# Task objective:
I'd ask you to write out the lines below exactly, with no images.

# Supplied data:
====================

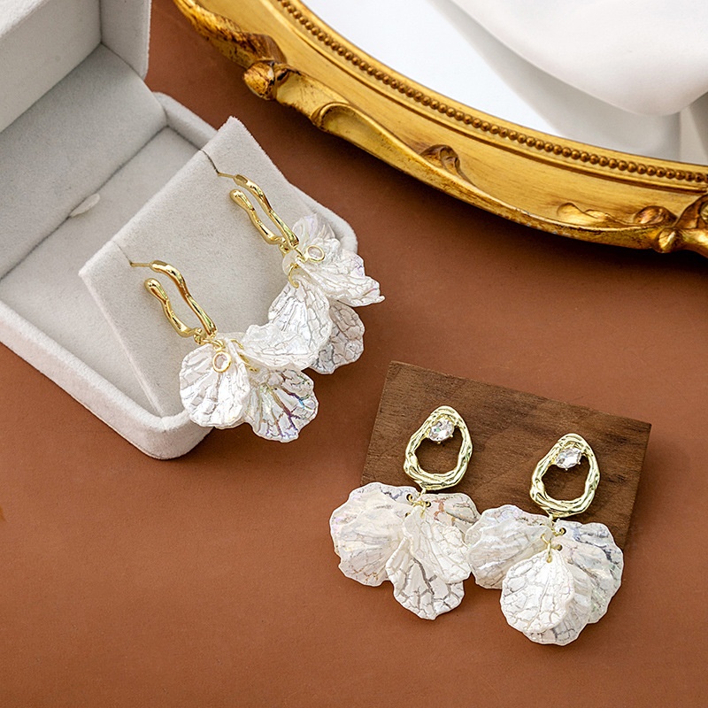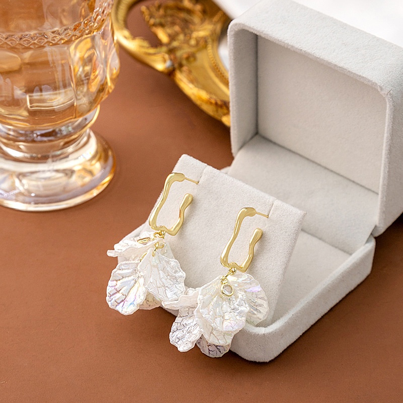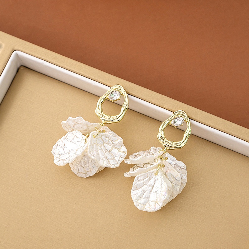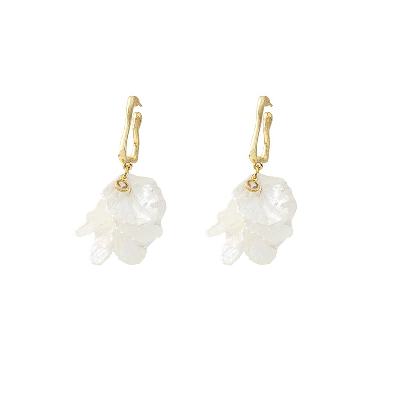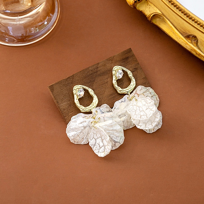 French Sweet And Elegant Flower Earrings Niche Design White Crack Earrings Light Luxury High-end Earrings For Women
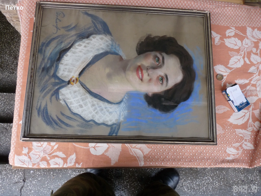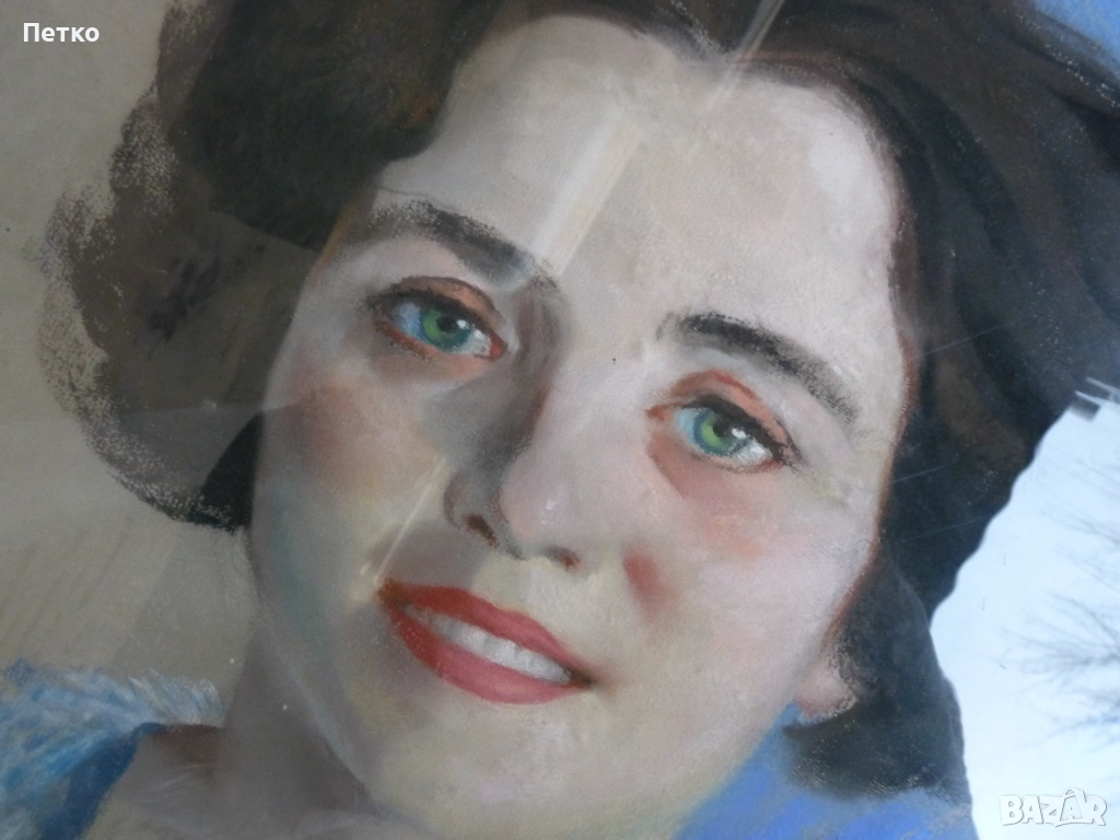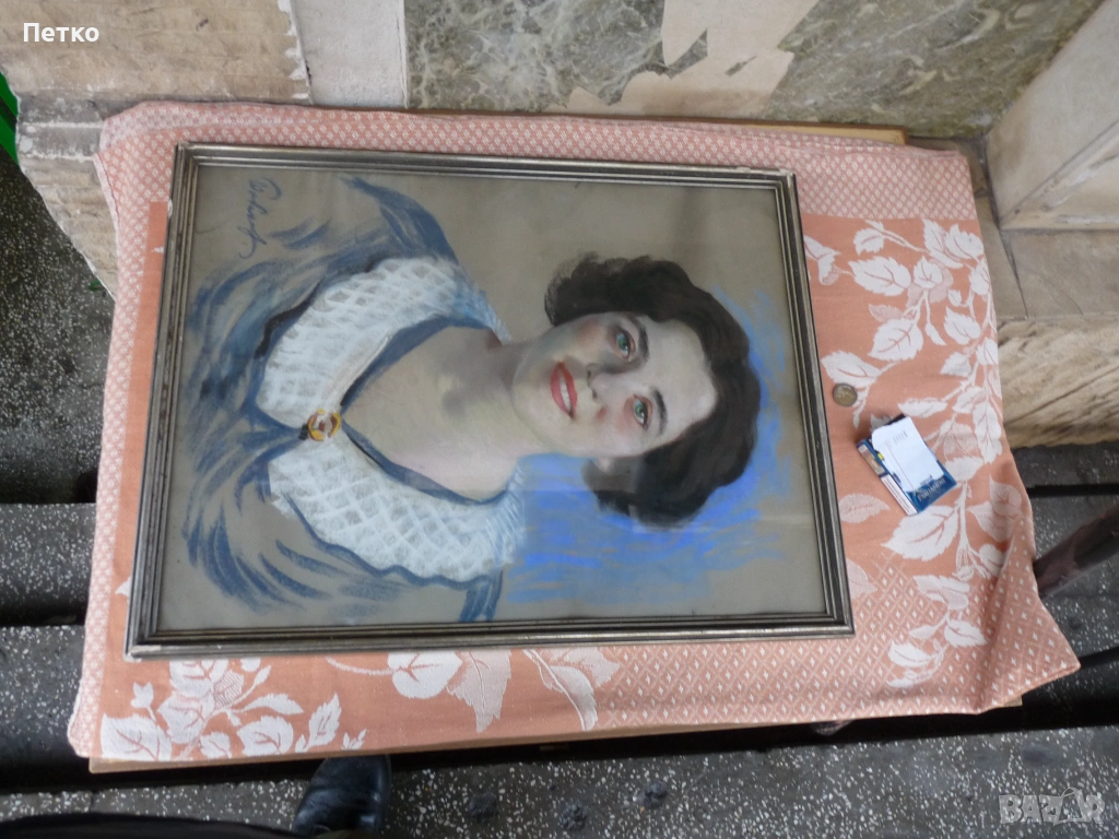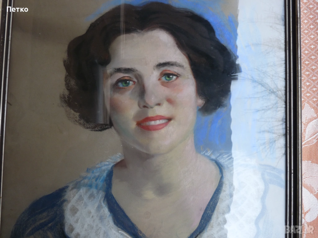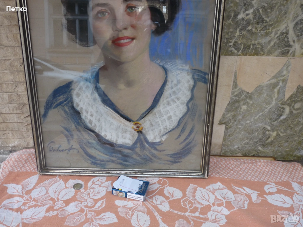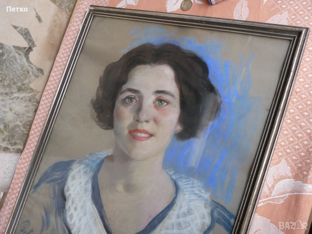 Стара картина 65 / 50 см,това е лекарката като младо момиче,на която и подарява картината художника Петър Бояджиев 1944 г Калиакра,публикувал съм и други редки картини,много добро състояние,има отблясък от стъклото.
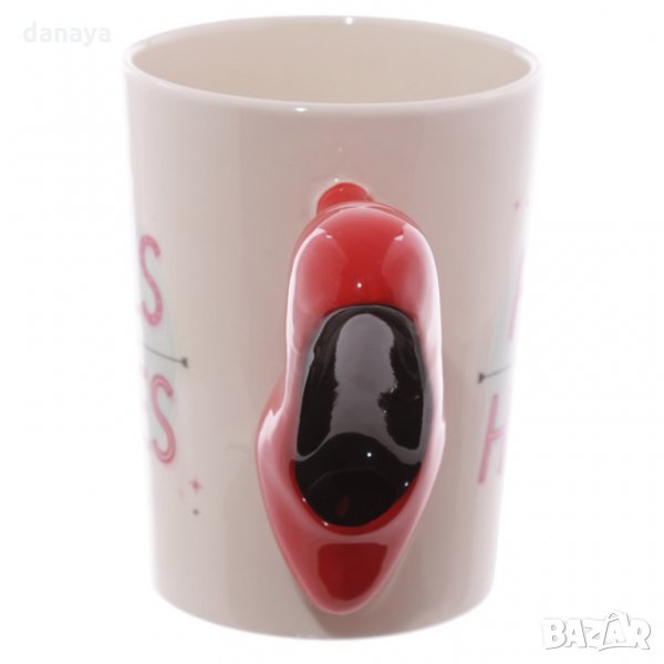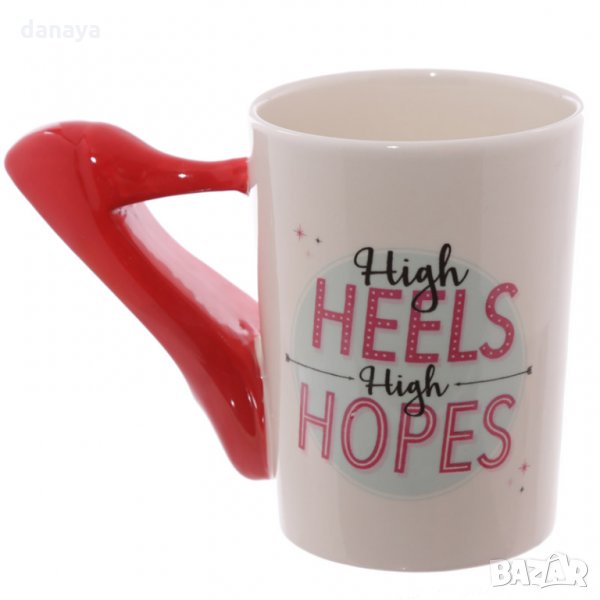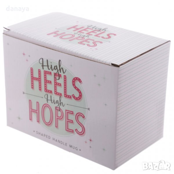 Забавна чаша за чай или други топли напитки в бял цвят с надпис послание “High Heels, High Hopes” – “Високи токчета големи надежди”. Дръжката с форма на червена дамска обувка с висок ток придружава посланието. Предлага се в тематична картонена кутийка. Чудесен подарък за нея.
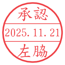 オプションの「電子透かし」をチェックし[生成]すると、見た目には分からないように、UNIXタイムスタンプを識別情報としてPNG形式の日付印に埋め込みます。 日付スタンプメーカーの使い方「部署」「名前」は最大8文字まで入力が可能です。「スタンプの色」を選択し、[生成]ボタン押下で印影画像が更新され、背景を透明に設定したPNG形式とPDF形式の印影画像がリンクからダウンロードできます。 オプションの「電子透かし」は、その性格上日付印ととても相性の良い付加サービスです。 別ページの「タイムスタンプと電子透かし」でも詳しく解説しますが、このオプションを追加することで、日付印が生成された日時に確かにその印が存在していることが証明されます。 ![]() 左脇さんの電子印鑑が作れます。社内でのデータ書類閲覧確認用など、認印的な使い方のできる電子印鑑が作れます。 ![]() 古代文字で落款印が作れます。「落款スタンプメーカー」で作品を引き立たせる落款印が作れます。

====================

# Task output:
 French Sweet And Elegant Flower Earrings Niche Design White Crack Earrings Light Luxury High-end Earrings For Women
 Стара картина 65 / 50 см,това е лекарката като младо момиче,на която и подарява картината художника Петър Бояджиев 1944 г Калиакра,публикувал съм и други редки картини,много добро състояние,има отблясък от стъклото.
 Забавна чаша за чай или други топли напитки в бял цвят с надпис послание “High Heels, High Hopes” – “Високи токчета големи надежди”. Дръжката с форма на червена дамска обувка с висок ток придружава посланието. Предлага се в тематична картонена кутийка. Чудесен подарък за нея.
 オプションの「電子透かし」をチェックし[生成]すると、見た目には分からないように、UNIXタイムスタンプを識別情報としてPNG形式の日付印に埋め込みます。 日付スタンプメーカーの使い方「部署」「名前」は最大8文字まで入力が可能です。「スタンプの色」を選択し、[生成]ボタン押下で印影画像が更新され、背景を透明に設定したPNG形式とPDF形式の印影画像がリンクからダウンロードできます。 オプションの「電子透かし」は、その性格上日付印ととても相性の良い付加サービスです。 別ページの「タイムスタンプと電子透かし」でも詳しく解説しますが、このオプションを追加することで、日付印が生成された日時に確かにその印が存在していることが証明されます。 ![]() 左脇さんの電子印鑑が作れます。社内でのデータ書類閲覧確認用など、認印的な使い方のできる電子印鑑が作れます。 ![]() 古代文字で落款印が作れます。「落款スタンプメーカー」で作品を引き立たせる落款印が作れます。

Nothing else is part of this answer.